Não há quase nada de explicado em O silêncio. São dúvidas, questionamentos e inquietudes que permanecem insolúveis. E isso não é um defeito. É que o cinema de Bergman sempre foi pautado no conhecimento íntimo como maneira de reflexão exterior — se é que isso é possível —, e neste último capítulo da chamada Trilogia do Silêncio (completada por Através de um espelho e Luz de inverno) isso é um tanto quanto mais explícito. Estamos diante de algo que não se define melhor que “um grito visual mudo”.

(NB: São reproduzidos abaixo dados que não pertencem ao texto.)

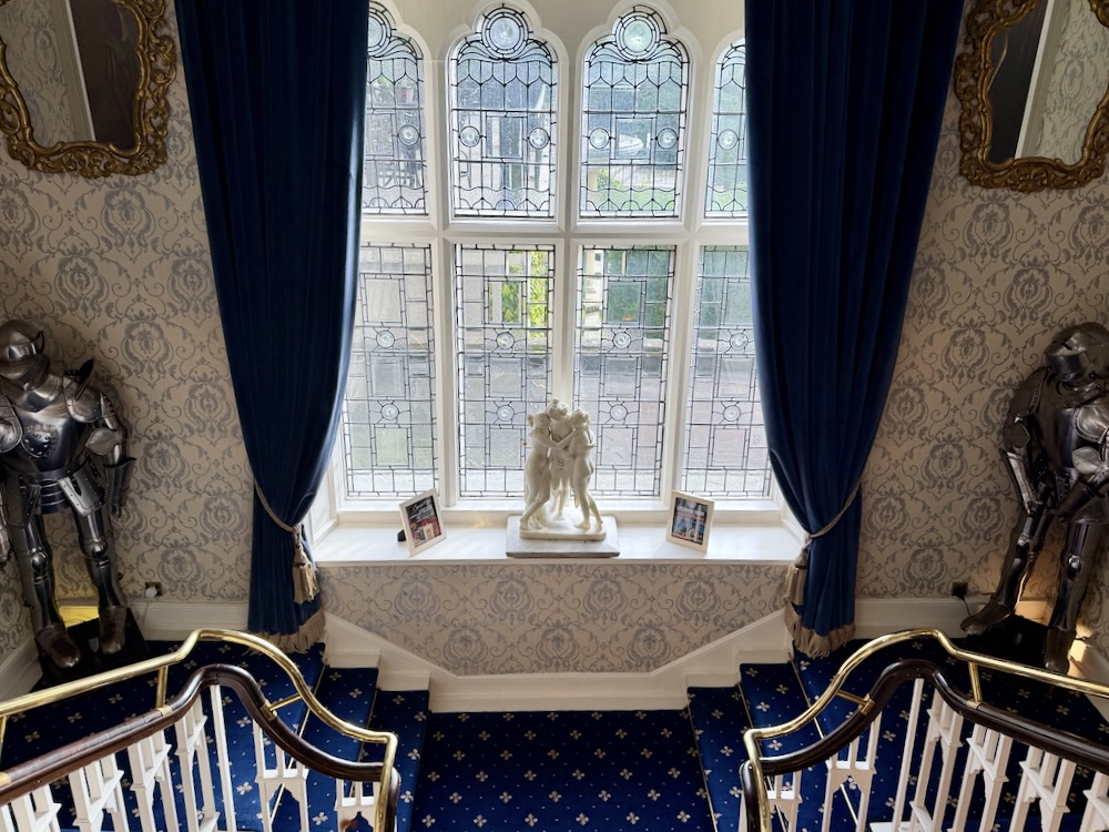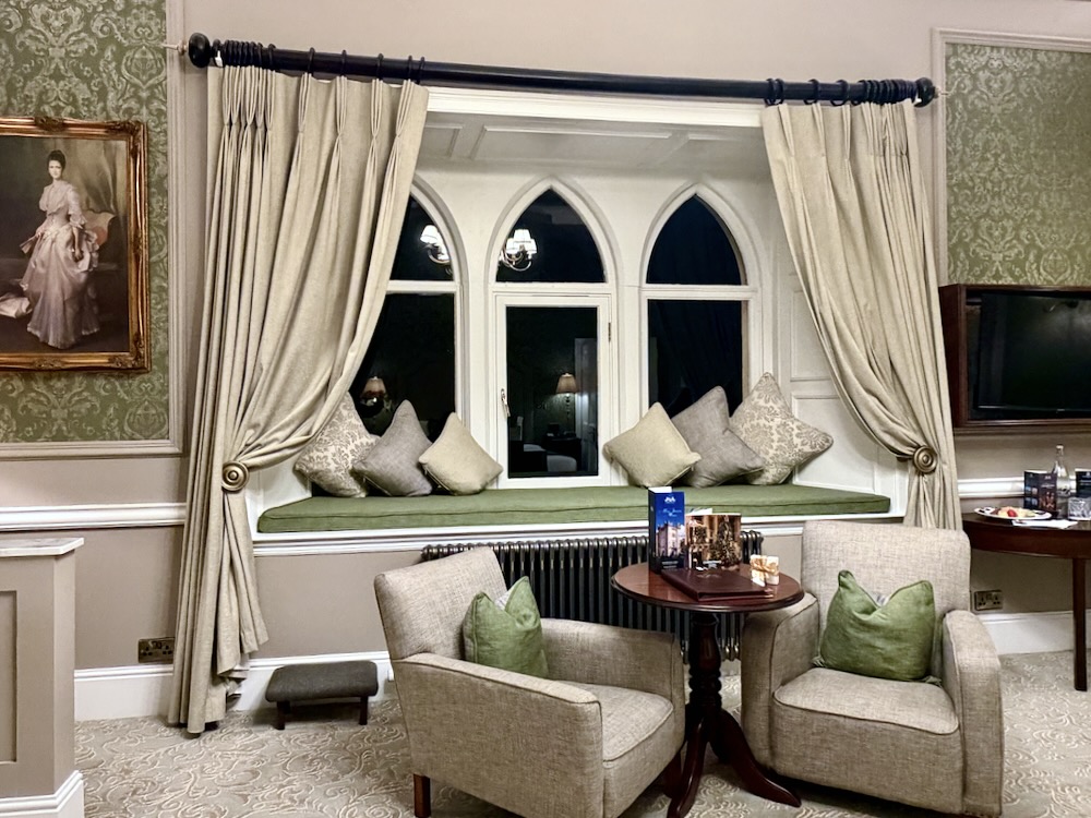 My companion and I stayed in a premier suite, designated number 24, in the main castle building, overlooking the entrance doorway and the forest. Reached up several flights of carpeted stairs, the suite comprised three separate rooms with a hallway between.

Não cabe aqui resumir a história, pois não é um filme de acontecimentos, mas de momentos e personagens. Anna e Ester, duas irmãs que vivem no calor do desconhecimento mútuo, incompreendidas em suas vidas principalmente por elas próprias. O filho de Anna, criança serena e imperturbável, algo ameaçadora. Por meio dessas três gentes, a sondagem psicológica vai sendo efetuada pelo diretor-roteirista, que parece se interessar e se perturbar pelas suas crias do mesmo modo como o espectador, que a tudo assiste sem poder alterar nada. Os rumos traçados das vidas na tela, tudo imutável e sufocante, uma realidade que enclausura qualquer sopro de fuga.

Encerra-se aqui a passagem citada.